Sistem tersebut dirancang untuk meningkatkan stabilitas sekaligus memberikan kenyamanan ketika motor melaju dalam kecepatan tinggi. Bagian belakang menggunakan sistem suspensi cantilever.
Sementara itu, sistem pengereman menjadi salah satu komponen penting yang mendukung performa Black Shadow.
Motor ini menggunakan beberapa drum brake untuk menghasilkan kemampuan pengereman yang sesuai dengan karakter kecepatannya.
Salah satu detail paling mudah dikenali dari Vincent Black Shadow adalah speedometer berukuran besar.
Instrumen Smith berdiameter sekitar lima inci tersebut memiliki skala hingga 150 mph.
Angka tersebut bukan sekadar pemanis. Pada era 1940-an dan 1950-an, kemampuan mencapai lebih dari 100 mph sudah menjadi sesuatu yang luar biasa untuk sepeda motor produksi.
Speedometer tersebut sekaligus menjadi simbol ambisi Vincent dalam menciptakan motor berperforma ekstrem.

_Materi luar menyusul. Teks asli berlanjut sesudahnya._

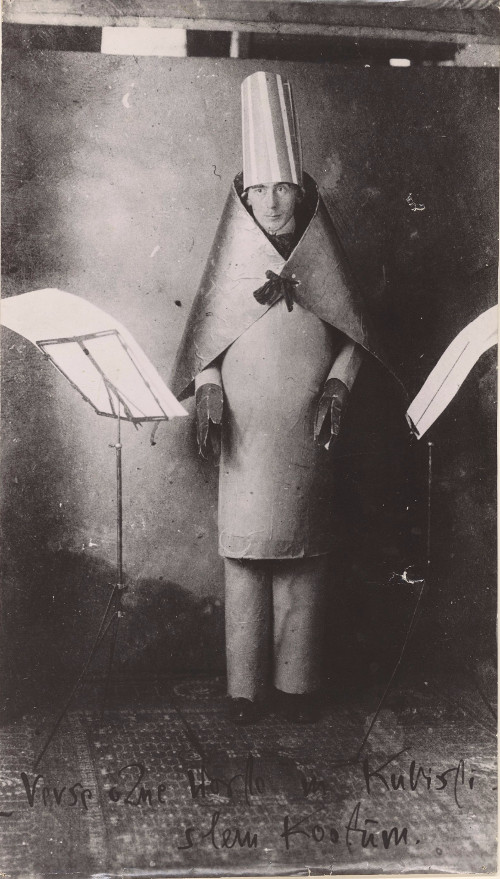 Verse ohne Worte in kubistischem Kostüm [Hugo Ball im Cabaret Voltaire, seine Lautgedichte rezitierend]

Nama Black Shadow juga tidak terlepas dari tampilannya.
Berbeda dengan kecenderungan produsen lain yang banyak menggunakan permukaan logam mengilap, Vincent memberikan lapisan hitam pada mesin dan transmisi.
Lapisan tersebut menggunakan material pelindung antikorosi sebelum mendapatkan lapisan enamel hitam.